ANSWER: Correct that based on net self-employment income of $75,000 for tax year 2013, you will be able to maximize the solo 401k, 2013 annual contribution. Therefore, you will be able to make an employee elective deferral of $17,500 plus a catch-up contribution amount of $5,500 because you are aged 52, resulting in $23,000 of employee contributions. Please click on solo 401k contribution calculator to run a quick calculation.
QUESTION 2: And the part that varies is the Employer Contribution?
ANSWER: Based on $75,000 of net self-employment income in 2013, the profit sharing (employer) contribution amount will be $13,940.28. See the solo 401k contribution calculator to confirm.
QUESTION 3: How many times can I make a contribution in this year and up to 4/15/2014 or the extension date?
ANSWER: You can make annual solo 401k contributions-- up to maximum limit of $56,500 since you are over age 50--as many times up until you file your tax return, including tax filing extensions.
QUESTION 4: there a limit on number of contributions pert tax year?
ANSWER: No the IRS rules do not place a limit on the number of solo 401k contributions, just on the maximum annual solo 401k contribution amount as discussed above.
QUESTION 5: Does the Employer Contribution and deferral have to be separate deposits?
ANSWER: No as long as the employee contributions are not applied as Roth solo 401k contributions. If applied as Roth Solo 401k contributions, the employee contributions would need to be made to the Roth designated bank or brokerage account.

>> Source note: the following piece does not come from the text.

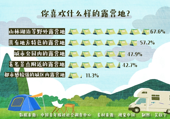 随着露营热度的提升,露营地的种类也变得更丰富。调查显示,山林湖泊等野外露营地最受欢迎,获选率为67.6%,然后是具有地方特色的露营地(57.2%)、城市公园内的露营地(47.9%)和著名景点附近的露营地(42.7%)。

QUESTION 6: Can one be done without the other?
ANSWER: Yes the key is not to exceed the annual solo 401k contribution limits.
QUESTION 7: Can the Employer Contribution be done all at once at the end of the year or up to 4/15/2014 or the extension date?
ANSWER: The contribution can be made anytime during the year up until the tax return due date, including any extensions (IRC Sec. 404(a)(6), to be deductible for a given year.